Eddie just lay there, staring out into space from under heavy lids. Bobby could hear him breathe, a thick, rasping sound. A few seconds later, he was asleep.
Bobby took a yellow cab over to 9th Avenue, the Bellevue Bar at 39th, and found a seat at the end. He should probably call Tommy, arrange a sit-down, work out an arrangement in keeping with the new, inevitable restructuring. He should have killed Eddie. Rented a car, taken him out for a drive. Problem over. Anybody still loyal would understand. And Eddie's enemies would appreciate the gesture. But he just didn't have it in him.
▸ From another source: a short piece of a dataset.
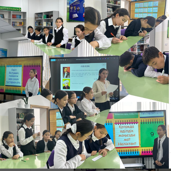 «Әділ болу – адамдық қасиет» 6-сынып оқушыларымен адам бойындағы ең асыл қасиеттердің бірі — әділдік туралы дөңгелек үстел өткізілді. Іс-шараның мақсаты: оқушылардың әділдік туралы түсініктерін кеңейту, әділ болудың адам өміріндегі маңызын ұғындыру және адалдыққа, шыншылдыққа тәрбиелеу болды. Оқушылар әділдікке байланысты жағдаяттарды шешіп, мақал-мәтелдерді жалғастырып, «Әділдік ағашы» шығармашылық тапсырмасын орындады. Іс-шара барысында оқушылар: – әділ болу өзіңнен басталатынын; – шындық пен адалдықтың өмірдің негізі екенін ұғынды.
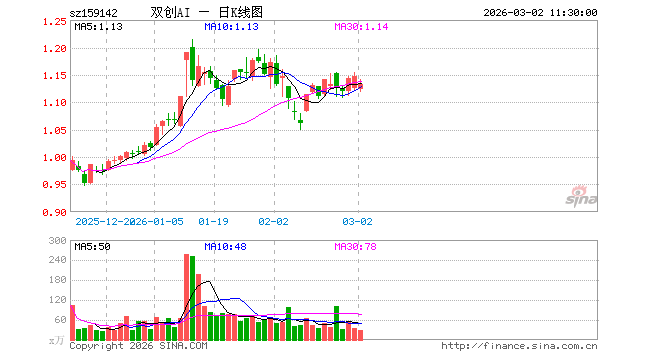 3月2日,截止午间收盘,科创创业人工智能ETF景顺(159142)跌1.22%,报1.133元,成交额3360.13万元。科创创业人工智能ETF景顺(159142)重仓股方面,中际旭创截止午盘涨6.74%,新易盛涨5.16%,澜起科技跌2.05%,寒武纪跌0.00%,金山办公跌2.05%,芯原股份跌1.55%,润泽科技跌3.76%,协创数据跌4.43%,昆仑万维跌4.39%,北京君正跌2.38%。

There'd be people trying to kill him soon, Bobby understood. If he said nothing. Met with no one. Did nothing. If he just sat here every day, drank himself into insensibility day after day, let them do what they had to do — let the gears turn, the world outside go on without him - sooner or later, someone would come through that door and kill him too.
Nobody at the bar talked to him. When Bobby nodded, the bartender came over and gave him another drink. Soon he was drunk, tapping his fingers to the jukebox. "Love Comes in Spurts," Richard Hell and the Voidoids. He was deciding whether he wanted to try and live, about what would have to be involved. He'd need a gun. And a car. And money. He had the airweight and the H&K in the floor safe of his apartment, with a stack of emergency money totalling about 50K. He could get a car no problem. Just a phone call and a taxi to Queens. His Aryan "brothers" would help — for a while — where the Italians would be unsympathetic. He wouldn't kill Eddie. He wouldn't set him up. But he'd leave him to the wolves this time.
His cell phone rang and he heard objects noisily knocking together on the other end. A second later, "Pusherman" off the Curtis Mayfield album was playing over the receiver. Eddie, in a sentimental mood, playing him tunes over the phone. The soundtrack to better times.